Если бы они не трепали языками направо и налево, то все это осталось бы просто дурной шуткой, но такая сдержанность, конечно же, была совсем не в их стиле. Тогда я испытывал к ним сильнейшую антипатию, но впоследствии мне встречалось множество похожих людей, и теперь знаю, что в них не было жестокости - больше высокомерия и глупости. Они оба думали, что перед ними не устоит ни одна женщина, а такие люди больше чем на дураков не тянут.
Они растрепали о своих планах чуть ли не всей труппе. Они разболтали все Эрику Фоссу - актеру их лет, но человеку совершенно иного склада. Они поделились своими намерениями с Юджином Фитцуорреном, потому что у того был вид злодея, не чуждого земных радостей. Не будь они так глупы, им было бы известно, что в прошлом он - президент Англиканской театральной лиги, отдал много сил Актерскому сиротскому приюту и вообще личность высоконравственная. Поэтому вскоре вся труппа была в курсе, считала задуманное гнусностью, но только не знала, как эту глупость остановить.
Все сошлись на том, что говорить со Студентом бессмысленно - тот не склонен был слушать мало-мальски разумные советы. И потом все отдавали себе отчет в том, что устраивать сексуальные дела молодого человека - занятие неподобающее и вообще старообрядное, что все должно идти своим чередом. Студент рано или поздно должен кому-нибудь сляпать карапуза, - с этим был согласен даже К. Пенджли Спиккернелл, - а если он настолько глуп, что позволяет манипулировать собой паре проходимцев, то кто должен его защитить?
В конце концов стало ясно, что для его защиты, хотя и в довольно ограниченном смысле, избран Мунго Фетч... Нет-нет, Роли, вам вовсе не надо в туалет.
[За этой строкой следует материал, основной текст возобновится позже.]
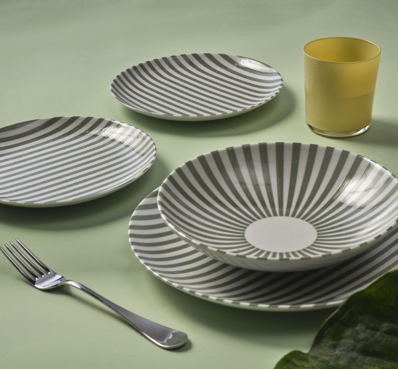 Das weiße Porzellan des Services Pastello Salvia wird durch zarte grüne Linien verziert, die den Blick auf sich ziehen.
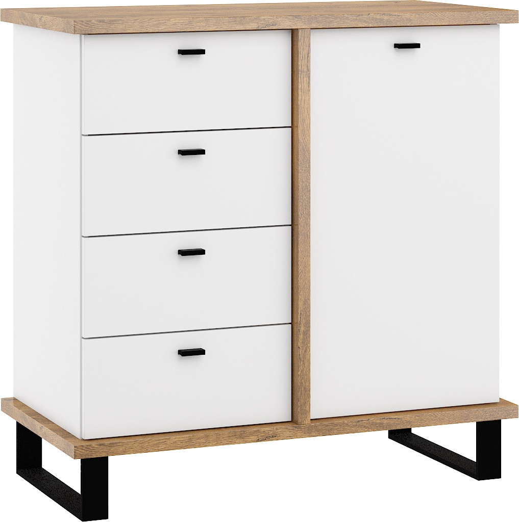 Cross komód 1 ajtó 4 fiók - Burgundy tölgy - Fehér
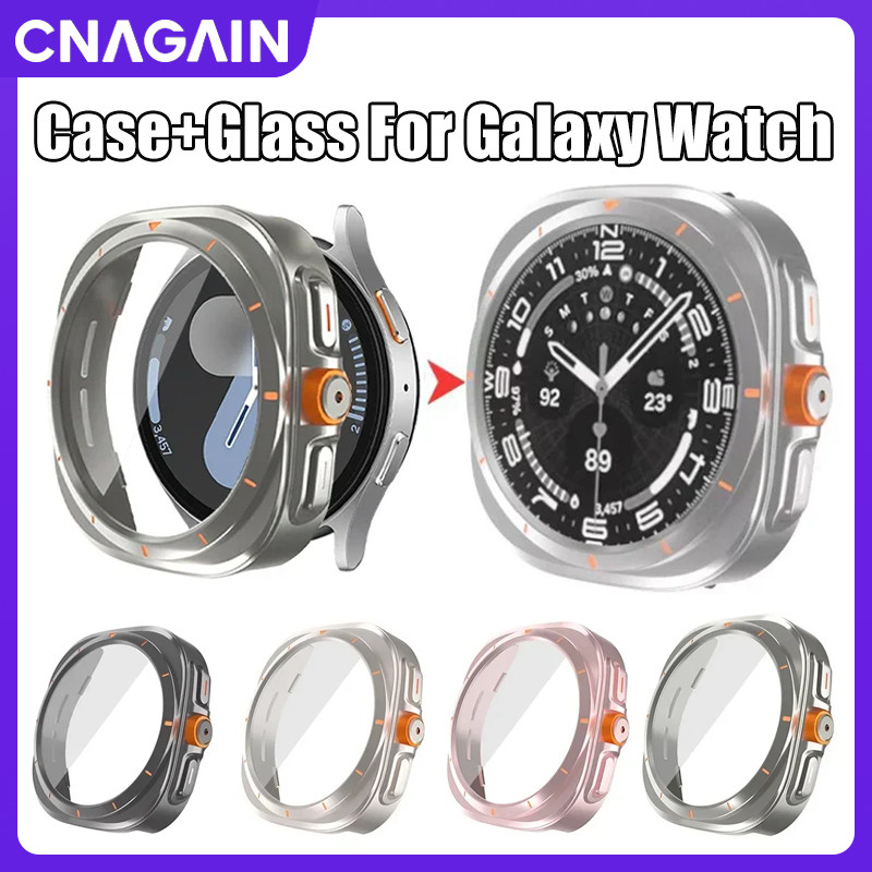 CNAGAIN Estrutura Da Caixa Dura Para PC + Filme De Vidro Temperado HD Compatível Samsung Galaxy watch 6 40MM 44MM , Segundos De Smartwatch Relógio Inteligente Ultra Capa Protetora anti-Queda De Uma Peça
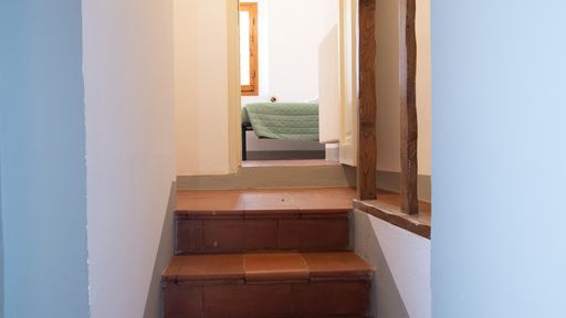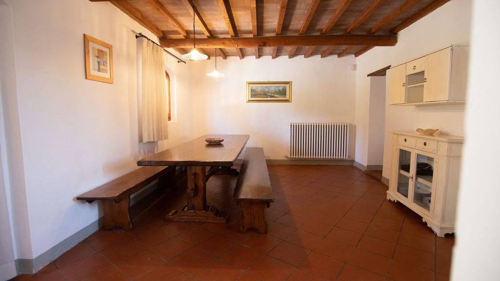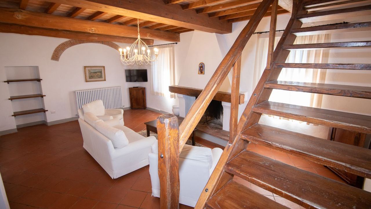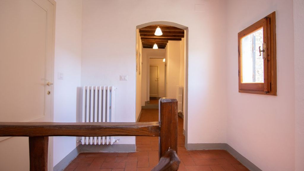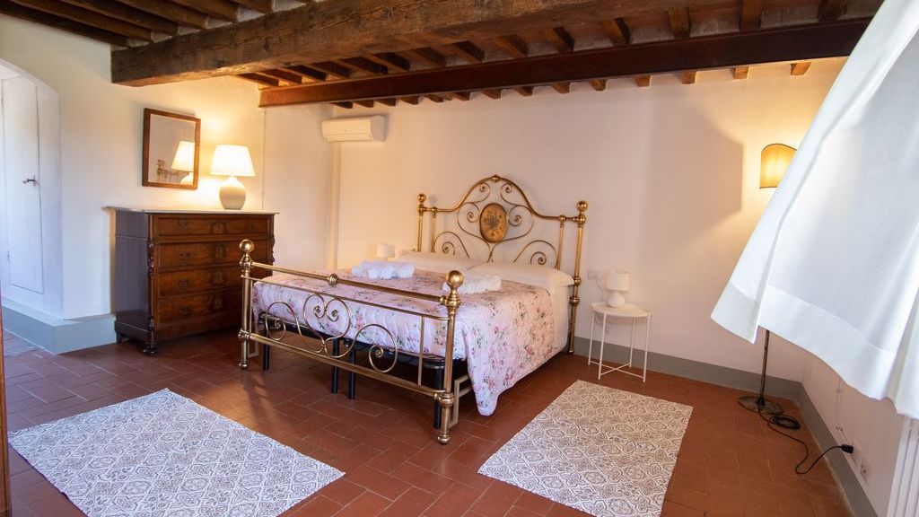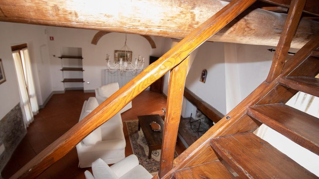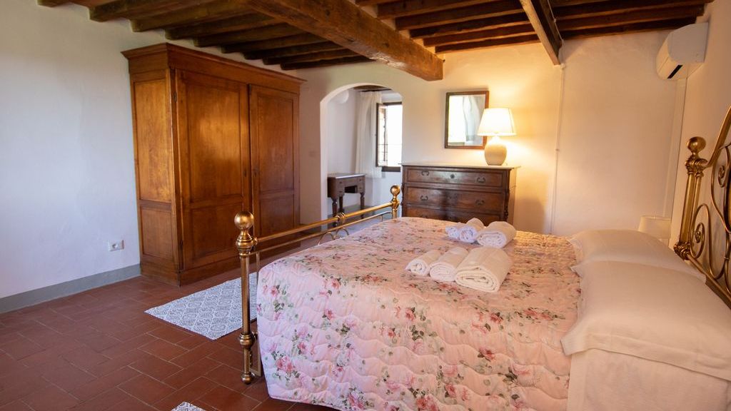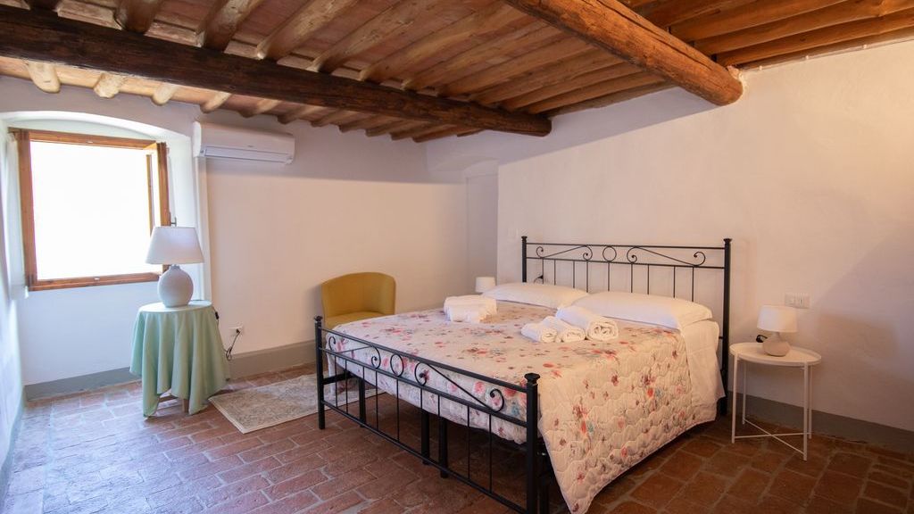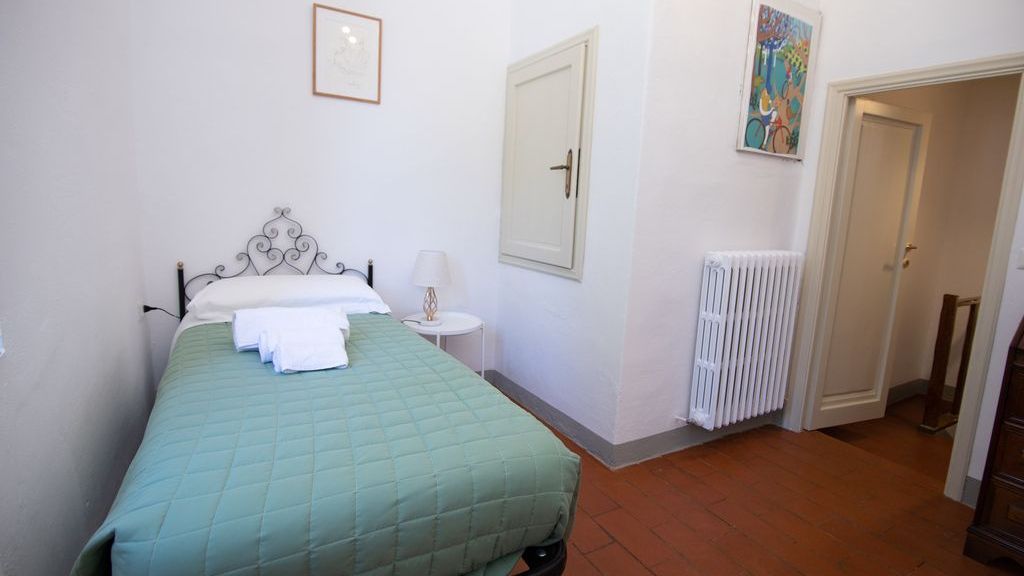 Eine Holztreppe führt ins Obergeschoss, wo es ein Schlafzimmer mit Einzelbetten, ein kleines Schlafzimmer mit einem Einzelbett und zwei Doppelbettzimmer mit Holz- und Ziegel-getäfelten Sichtbalkendecken, schmiedeeisernen Betten und typisch toskanischen Möbeln gibt. Auf der gleichen Etage befinden sich zwei Badezimmer.

Посидите-ка лучше и послушайте... Больше всего за Студента волновались Холройд и Макгрегор, а волновались они от лица сэра Джона и Миледи. Нет, Тресайзы не знали о великом заговоре, ставившем целью освобождение Студента от пут невинности. Сэр Джон решил бы эту проблему коренным образом, но он находился в Ванкувере, а Миледи слишком переживала его отсутствие и при малейшей возможности названивала в больницу. Но Макгрегор и Холройд чувствовали, что эта дурная шутка отражается и на Тресайзах, которым они искренне поклонялись и чья преданность друг другу установила некий стандарт сексуальных отношений в труппе; и если соблюдать этот стандарт, может быть, и не требовалось, то уважать его было обязательно.
Холройд не уставал напоминать Макгрегору, что Студент, как о том просила его матушка, в некотором роде находится под опекой сэра Джона, а значит, ответственность за него лежит на труппе в целом, - по крайней мере, на вменяемой ее части, сказал он, - и мы должны присматривать за Студентом, пока сэр Джон и Миледи не в состоянии это делать. Макгрегор согласился и добавил к этим соображениям всякие кальвинистские побрякушки. Он с сексом не особо дружил и, наверно, не одобрял Создателя за то, что пожелавшему продолжить род волей-неволей приходится обращаться к этому средству. Но, по его мнению, такие обращения следовало сводить к минимуму и чтобы они непременно освящались церковью и законом и были отлучены от удовольствия. Я вот оглядываюсь назад, и сегодня мне кажется странным, что никто не испытывал никакого сочувствия к Одри Севенхоус. Но одни считали, что она сама участвует в заговоре, а другие не сомневались: эта и сама о себе может позаботиться.
Чарльтон и Вудс разрабатывали свой план скрупулезно, до мельчайших деталей. Чарльтон растолковывал Студенту и всем оказывавшимся поблизости представителям сильного пола, что женщину легче всего соблазнить в течение недели, предшествующей месячным. В это время, как утверждал он, женщины просто сгорают от желания. Но к ним нужно знать подход. Чтобы никакого свинства - никакого там лапанья за грудь. Психологически обусловлено применение вполне конкретной ласки: нужно твердо, но не грубо, положить руку ей на талию с правой стороны - чуть ниже ребер. Ладонь должна быть очень теплой, а этого можно добиться, подержав перед этим руку в кармане брюк. Якобы женщина не может противиться теплу, которое наполняет ее печень. Лизл говорит, что это какое-то старинное поверье.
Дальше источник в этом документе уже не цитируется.